Blicke können freilich strafen und möchten manchmal töten können, doch im Gegensatz zu den Augen wird man nur mit Händen handgemein.

Die Hände unten halten, die Hände streng bei sich halten, wenn es um exquisite Gegenstände wie den Kelch, das Bild, das Buch geht – der Ursprung des Tabus, der Ursprung der Religion.

Man schätzt Auskünfte und Wertgegenstände aus erster, nicht aus zweiter Hand – als würden sie von den allzu vielen Händen beschmutzt, getrübt, verdorben.

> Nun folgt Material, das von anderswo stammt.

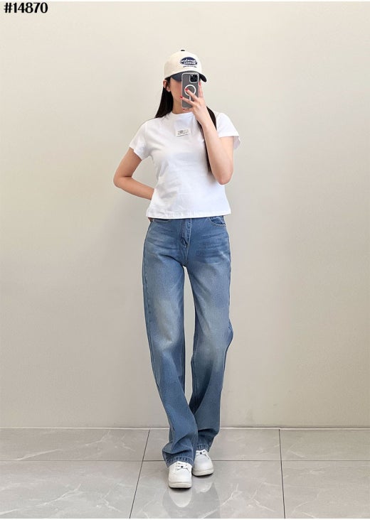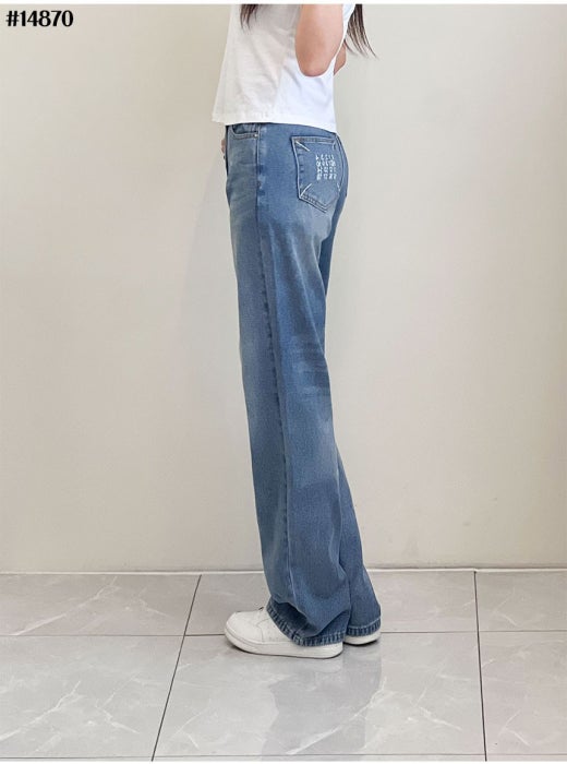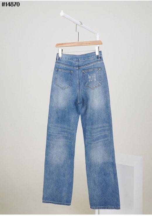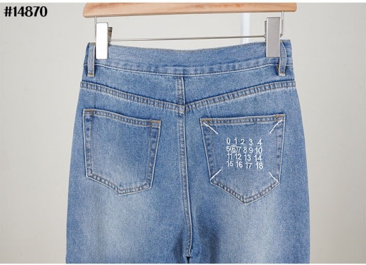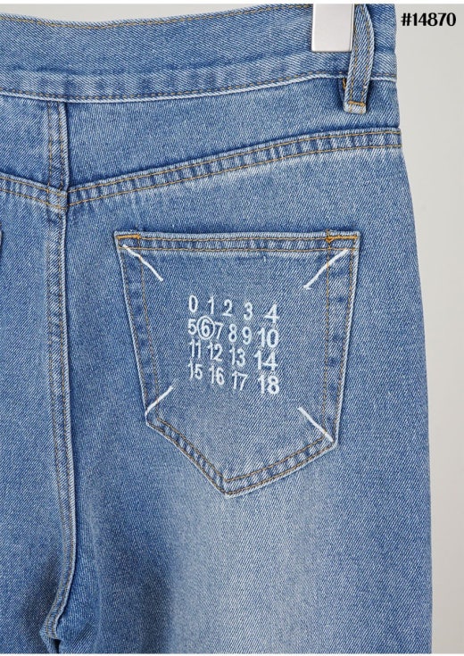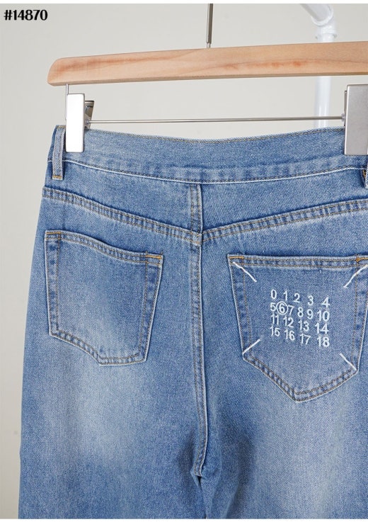 메종마르지엘라 스티치 넘버링 자수 로고 와이드 데님 팬츠 연청 여성용(1컬러)

Der stumme Dolmetscher, die Hand, die mit ihren feinen, leichten, wogenden Figuren dem großen Bruder Mund assistiert.

Wer sich auf Händen tragen lässt, riskiert ein böses Erwachen und den einen oder anderen Bruch, wenn er unversehens fallengelassen wird.

Am Handgemachten, Handgeschriebenen, Handverlesenen schätzen wir den herben Geruch des Ursprungs und die Subtilität des Fingerspitzengefühls.

Wir wissen gut aufgehoben, was wir persönlich aushändigen, was wir zu treuen Händen übergeben.

Wenn alles vernutzt und verbraucht scheint, so dass die Arbeit und das Spiel der Hände keinen Raum mehr haben, pflegen die auch sich selbst vernutzt und verbraucht Dünkenden Hand an sich zu legen.

Wir sagen richtig über ein Machwerk, ein Flickwerk aus zusammengelesenen Fetzen, das uns misslungen scheint, es habe weder Hand noch Fuß.

Altern, schwach oder ohnmächtig werden: Er gibt die Sache aus der Hand, sie legt die Hände in den Schoß.

Freie oder gebundene Hände – Zeichen für Wert und Würde des Menschenlebens.

In die Hand nehmen oder von der Hand weisen – Zeichen für den souveränen Willen des Menschen.

In der Hand liegen oder dem Schicksal überlassen – Zeichen der menschlichen Freiheit.

Sehen, was auf der Hand liegt – Zeichen für den gesunden Menschenverstand.